Problem to work on: Below are some records; quote exactly the lines from the one that contains "使い捨て下着、携帯用、男女兼" through the one that contains "Vdaka,aj som myslela", inclusive, and no others.

BEGIN Provided records

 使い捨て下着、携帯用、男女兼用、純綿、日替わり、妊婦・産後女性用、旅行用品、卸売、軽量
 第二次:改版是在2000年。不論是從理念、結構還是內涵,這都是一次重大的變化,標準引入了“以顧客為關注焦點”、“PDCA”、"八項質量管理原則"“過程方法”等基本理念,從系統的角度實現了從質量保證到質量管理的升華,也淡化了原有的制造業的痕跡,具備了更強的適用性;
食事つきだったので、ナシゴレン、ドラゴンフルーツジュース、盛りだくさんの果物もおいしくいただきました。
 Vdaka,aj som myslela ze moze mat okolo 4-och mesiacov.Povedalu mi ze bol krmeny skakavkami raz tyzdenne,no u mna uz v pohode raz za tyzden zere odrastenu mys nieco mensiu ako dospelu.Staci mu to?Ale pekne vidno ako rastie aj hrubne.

END Provided records
BEGIN Provided records

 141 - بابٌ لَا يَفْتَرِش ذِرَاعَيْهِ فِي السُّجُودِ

END Provided records
BEGIN Provided records

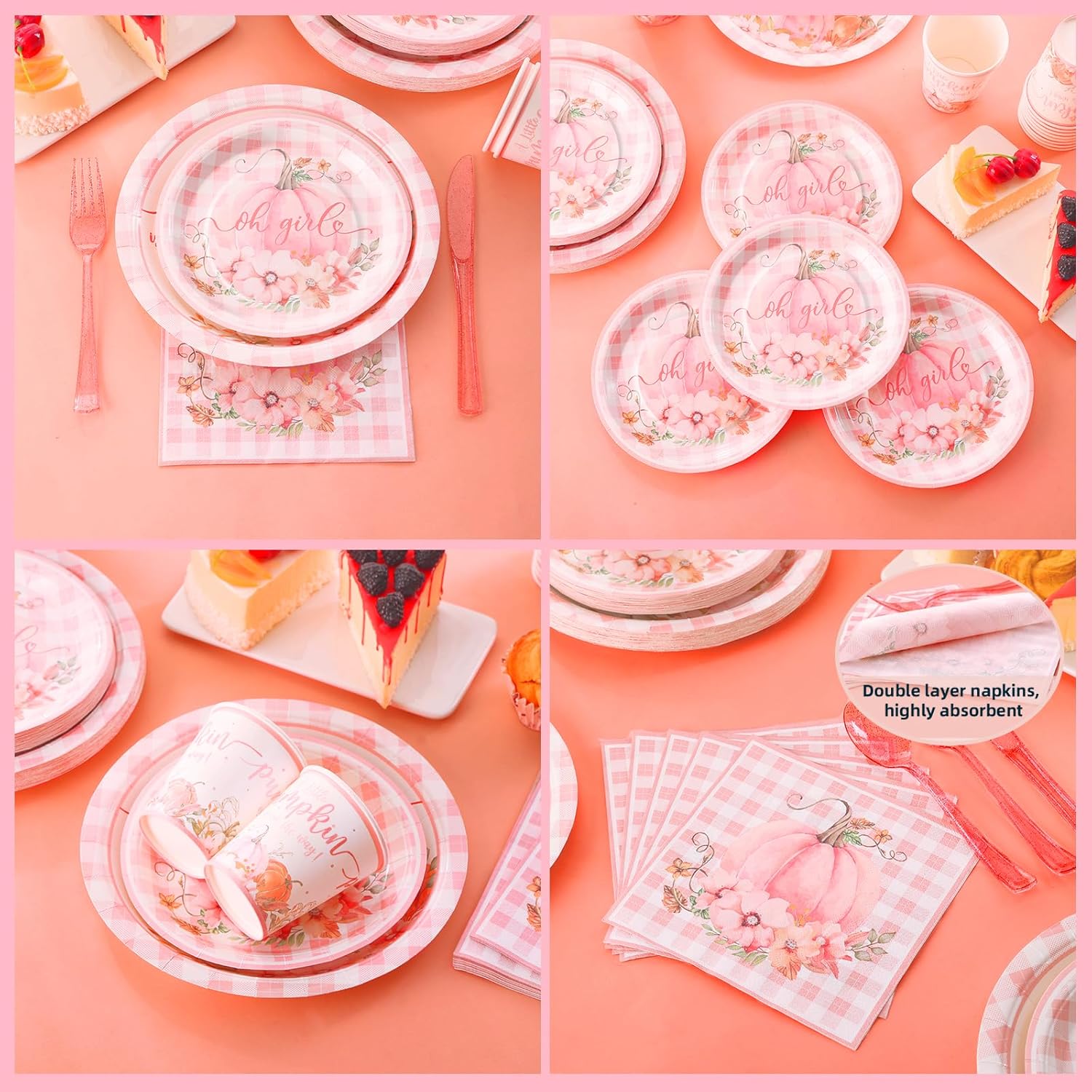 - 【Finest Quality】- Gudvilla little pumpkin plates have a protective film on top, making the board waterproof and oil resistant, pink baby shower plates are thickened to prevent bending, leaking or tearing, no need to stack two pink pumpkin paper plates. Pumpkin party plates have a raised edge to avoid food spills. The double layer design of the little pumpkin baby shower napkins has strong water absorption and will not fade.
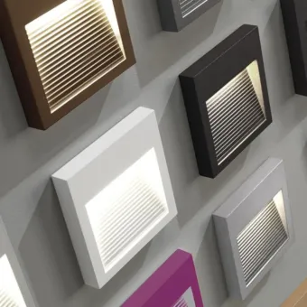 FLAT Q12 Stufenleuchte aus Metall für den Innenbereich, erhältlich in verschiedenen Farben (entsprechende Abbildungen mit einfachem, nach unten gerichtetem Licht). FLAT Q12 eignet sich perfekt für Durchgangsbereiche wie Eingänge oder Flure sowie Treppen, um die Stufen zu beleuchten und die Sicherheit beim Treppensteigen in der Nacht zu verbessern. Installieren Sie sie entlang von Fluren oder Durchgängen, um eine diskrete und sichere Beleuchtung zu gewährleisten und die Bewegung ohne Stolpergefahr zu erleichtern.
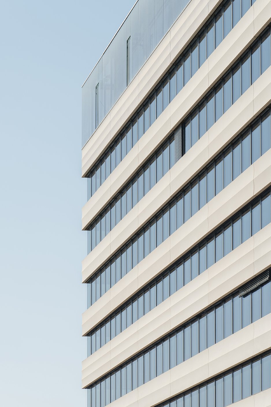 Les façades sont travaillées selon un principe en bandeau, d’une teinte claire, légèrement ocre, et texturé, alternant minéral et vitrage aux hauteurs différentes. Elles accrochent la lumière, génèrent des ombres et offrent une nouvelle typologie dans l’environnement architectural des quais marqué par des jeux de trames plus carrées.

END Provided records

Task result:
 使い捨て下着、携帯用、男女兼用、純綿、日替わり、妊婦・産後女性用、旅行用品、卸売、軽量
 第二次:改版是在2000年。不論是從理念、結構還是內涵,這都是一次重大的變化,標準引入了“以顧客為關注焦點”、“PDCA”、"八項質量管理原則"“過程方法”等基本理念,從系統的角度實現了從質量保證到質量管理的升華,也淡化了原有的制造業的痕跡,具備了更強的適用性;
食事つきだったので、ナシゴレン、ドラゴンフルーツジュース、盛りだくさんの果物もおいしくいただきました。
 Vdaka,aj som myslela ze moze mat okolo 4-och mesiacov.Povedalu mi ze bol krmeny skakavkami raz tyzdenne,no u mna uz v pohode raz za tyzden zere odrastenu mys nieco mensiu ako dospelu.Staci mu to?Ale pekne vidno ako rastie aj hrubne.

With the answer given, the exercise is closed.